Work instructions: Would you please copy only the lines from the line that contains "coral and gold" to the end of the data below, exactly, leaving every picture out?

----------------------------------------

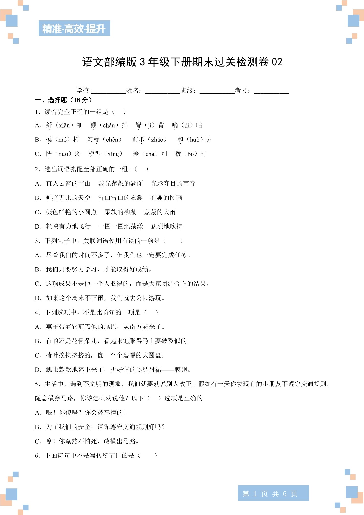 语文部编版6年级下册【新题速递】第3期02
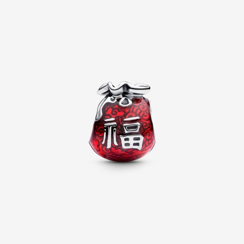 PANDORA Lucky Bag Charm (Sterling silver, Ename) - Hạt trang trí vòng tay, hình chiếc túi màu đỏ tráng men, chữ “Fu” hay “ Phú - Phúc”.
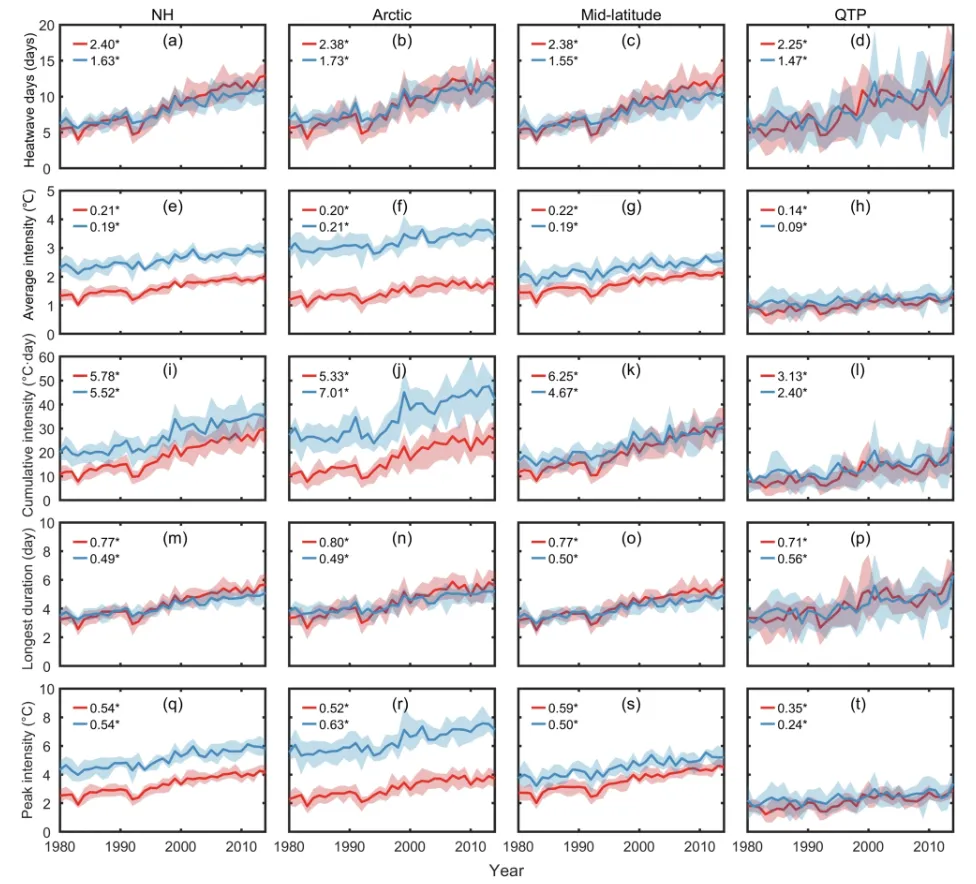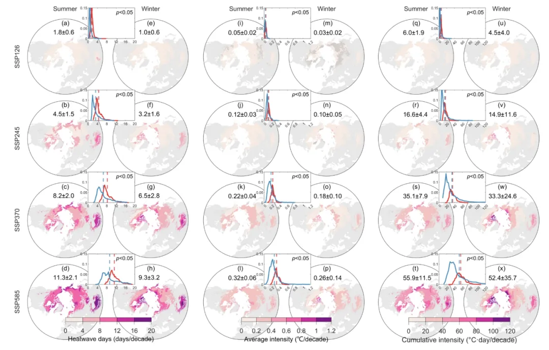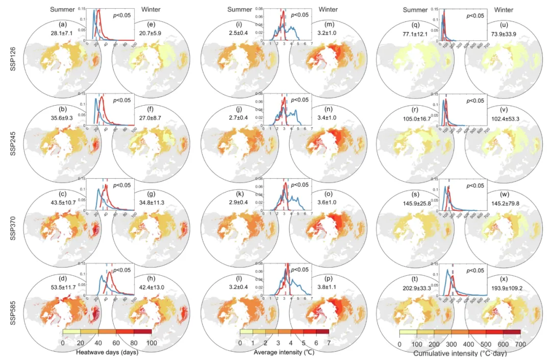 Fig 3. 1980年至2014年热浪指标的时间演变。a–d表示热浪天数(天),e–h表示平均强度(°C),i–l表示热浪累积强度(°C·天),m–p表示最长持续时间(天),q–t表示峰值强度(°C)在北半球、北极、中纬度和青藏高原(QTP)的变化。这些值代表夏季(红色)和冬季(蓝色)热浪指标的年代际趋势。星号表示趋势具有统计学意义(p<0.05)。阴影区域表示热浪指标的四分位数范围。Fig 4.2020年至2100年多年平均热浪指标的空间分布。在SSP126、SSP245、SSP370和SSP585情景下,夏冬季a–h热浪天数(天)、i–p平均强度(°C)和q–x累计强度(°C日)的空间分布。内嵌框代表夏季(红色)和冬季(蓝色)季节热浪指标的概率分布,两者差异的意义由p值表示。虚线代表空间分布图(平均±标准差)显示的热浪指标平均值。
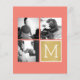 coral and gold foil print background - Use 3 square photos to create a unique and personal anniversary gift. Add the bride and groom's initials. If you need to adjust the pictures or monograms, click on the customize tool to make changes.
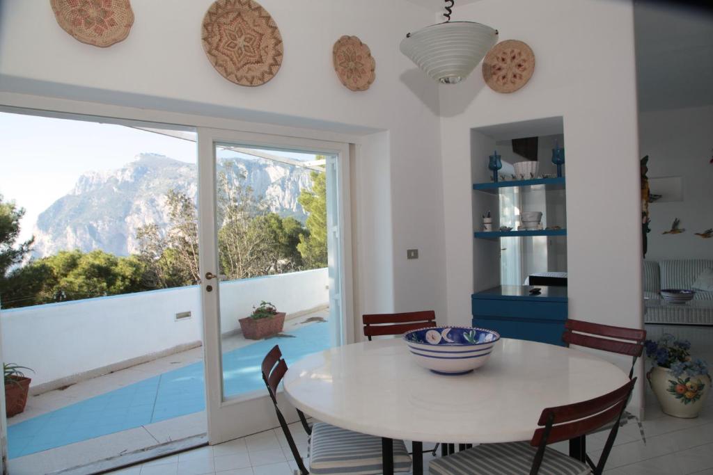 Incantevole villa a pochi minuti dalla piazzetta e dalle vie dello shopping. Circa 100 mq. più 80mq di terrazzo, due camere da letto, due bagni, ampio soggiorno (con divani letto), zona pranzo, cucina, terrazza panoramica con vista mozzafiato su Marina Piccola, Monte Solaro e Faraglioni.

----------------------------------------

Result of the exercise:
 coral and gold foil print background - Use 3 square photos to create a unique and personal anniversary gift. Add the bride and groom's initials. If you need to adjust the pictures or monograms, click on the customize tool to make changes.
 Incantevole villa a pochi minuti dalla piazzetta e dalle vie dello shopping. Circa 100 mq. più 80mq di terrazzo, due camere da letto, due bagni, ampio soggiorno (con divani letto), zona pranzo, cucina, terrazza panoramica con vista mozzafiato su Marina Piccola, Monte Solaro e Faraglioni.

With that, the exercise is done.